* _Dataset excerpts_:
-=-=-=-=-

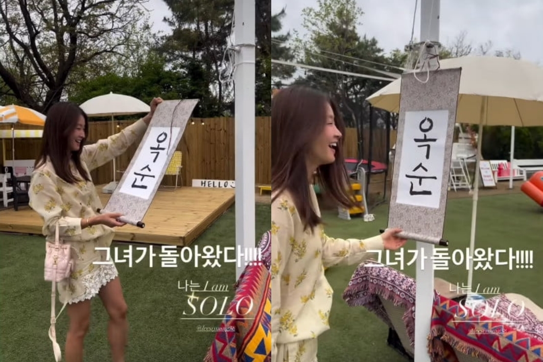 이날 영상 속 이시영은 지인들이 준비한 깜짝이벤트에 웃음을 터트리고 있다. 이시영이 커튼을 열고 앞으로 나가자 '옥순'이라고 적힌 족자가 있다.
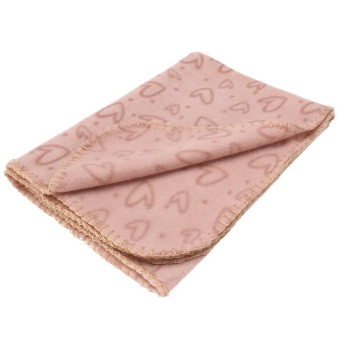 Mjukt och härligt fleecetäcke med vackert mönster av hjärtan i dämpade färger. Här i modellen ROSA
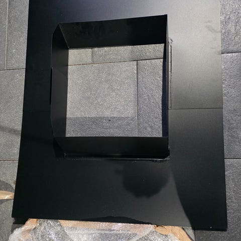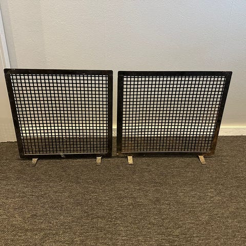 Gnistskydd i tredelad modell i svart metall. Skärmen har finmaskigt nät och dekorativa detaljer upptill och i mitten. Den står på två stadiga fötter och sidodelarna kan vinklas för att anpassas framför eldstaden eller kaminen. Bredden är totalt 80 cm (40+20+20cm), höjden är 42 cm plus smidet på toppen. Finns i Björkhagen.
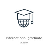 zarys międzynarodowa ikona wektor absolwent. na białym tle prosty element linii ilustracji z koncepcji edukacji. edytowalny wektor udar międzynarodowy absolwent ikona na białym tle
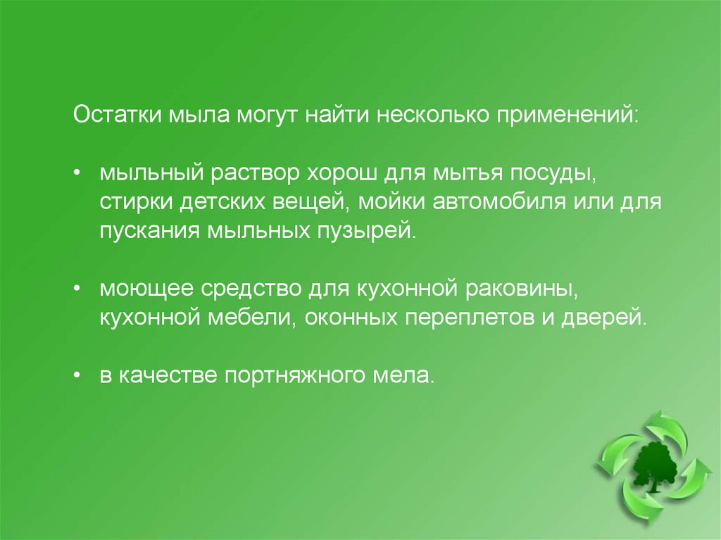 Остатки мыла могут найти несколько применений:• мыльный раствор хорош для мытья посуды,

-=-=-=-=-

* _What the task requires_: All of the material must be repeated exactly in the answer, apart from the pictures.

* _Reply_:
 이날 영상 속 이시영은 지인들이 준비한 깜짝이벤트에 웃음을 터트리고 있다. 이시영이 커튼을 열고 앞으로 나가자 '옥순'이라고 적힌 족자가 있다.
 Mjukt och härligt fleecetäcke med vackert mönster av hjärtan i dämpade färger. Här i modellen ROSA
 Gnistskydd i tredelad modell i svart metall. Skärmen har finmaskigt nät och dekorativa detaljer upptill och i mitten. Den står på två stadiga fötter och sidodelarna kan vinklas för att anpassas framför eldstaden eller kaminen. Bredden är totalt 80 cm (40+20+20cm), höjden är 42 cm plus smidet på toppen. Finns i Björkhagen.
 zarys międzynarodowa ikona wektor absolwent. na białym tle prosty element linii ilustracji z koncepcji edukacji. edytowalny wektor udar międzynarodowy absolwent ikona na białym tle
 Остатки мыла могут найти несколько применений:• мыльный раствор хорош для мытья посуды,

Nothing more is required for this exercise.